## WORK TO COMPLETE
Somewhere below are a line with "verglaſten Fenſterteil eine" and a later line with "و کالیبراسیون دما". Output exactly those lines and all lines between them.

## RECORD EXCERPTS
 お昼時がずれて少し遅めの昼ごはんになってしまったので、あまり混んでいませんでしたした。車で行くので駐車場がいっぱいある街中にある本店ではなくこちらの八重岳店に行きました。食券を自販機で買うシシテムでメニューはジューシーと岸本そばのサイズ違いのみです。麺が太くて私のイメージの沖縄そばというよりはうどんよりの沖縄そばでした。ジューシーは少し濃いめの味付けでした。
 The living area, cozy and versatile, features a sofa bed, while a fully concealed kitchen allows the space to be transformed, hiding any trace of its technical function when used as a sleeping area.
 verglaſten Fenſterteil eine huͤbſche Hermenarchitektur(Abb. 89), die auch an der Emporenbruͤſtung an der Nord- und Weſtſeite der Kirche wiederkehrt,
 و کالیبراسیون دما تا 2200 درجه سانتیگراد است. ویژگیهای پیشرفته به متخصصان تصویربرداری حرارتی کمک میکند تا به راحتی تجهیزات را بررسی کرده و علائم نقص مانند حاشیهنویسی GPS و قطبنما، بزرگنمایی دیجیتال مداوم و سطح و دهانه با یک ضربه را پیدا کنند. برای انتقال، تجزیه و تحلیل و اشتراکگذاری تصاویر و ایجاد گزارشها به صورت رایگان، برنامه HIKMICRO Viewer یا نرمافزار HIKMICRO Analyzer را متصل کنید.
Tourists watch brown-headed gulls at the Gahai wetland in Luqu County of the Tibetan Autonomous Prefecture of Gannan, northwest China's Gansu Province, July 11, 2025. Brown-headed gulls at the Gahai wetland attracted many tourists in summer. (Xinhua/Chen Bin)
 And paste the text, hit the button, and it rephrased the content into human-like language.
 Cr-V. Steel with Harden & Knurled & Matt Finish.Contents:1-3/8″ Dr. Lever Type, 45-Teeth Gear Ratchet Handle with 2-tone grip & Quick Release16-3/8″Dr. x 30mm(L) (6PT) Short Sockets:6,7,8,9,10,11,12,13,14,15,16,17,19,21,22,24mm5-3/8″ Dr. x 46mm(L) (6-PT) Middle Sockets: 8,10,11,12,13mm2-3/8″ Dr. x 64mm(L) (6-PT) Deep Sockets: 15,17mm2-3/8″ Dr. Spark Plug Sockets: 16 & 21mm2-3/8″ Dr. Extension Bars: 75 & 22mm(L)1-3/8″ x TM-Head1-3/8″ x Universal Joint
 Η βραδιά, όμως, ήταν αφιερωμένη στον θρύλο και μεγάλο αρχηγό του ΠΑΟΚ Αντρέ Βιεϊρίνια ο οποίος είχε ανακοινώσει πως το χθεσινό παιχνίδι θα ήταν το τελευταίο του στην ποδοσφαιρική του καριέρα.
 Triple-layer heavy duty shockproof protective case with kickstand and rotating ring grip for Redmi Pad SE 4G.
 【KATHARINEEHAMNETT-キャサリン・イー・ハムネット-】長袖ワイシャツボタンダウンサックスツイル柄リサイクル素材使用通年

## EXERCISE ANSWER
 verglaſten Fenſterteil eine huͤbſche Hermenarchitektur(Abb. 89), die auch an der Emporenbruͤſtung an der Nord- und Weſtſeite der Kirche wiederkehrt,
 و کالیبراسیون دما تا 2200 درجه سانتیگراد است. ویژگیهای پیشرفته به متخصصان تصویربرداری حرارتی کمک میکند تا به راحتی تجهیزات را بررسی کرده و علائم نقص مانند حاشیهنویسی GPS و قطبنما، بزرگنمایی دیجیتال مداوم و سطح و دهانه با یک ضربه را پیدا کنند. برای انتقال، تجزیه و تحلیل و اشتراکگذاری تصاویر و ایجاد گزارشها به صورت رایگان، برنامه HIKMICRO Viewer یا نرمافزار HIKMICRO Analyzer را متصل کنید.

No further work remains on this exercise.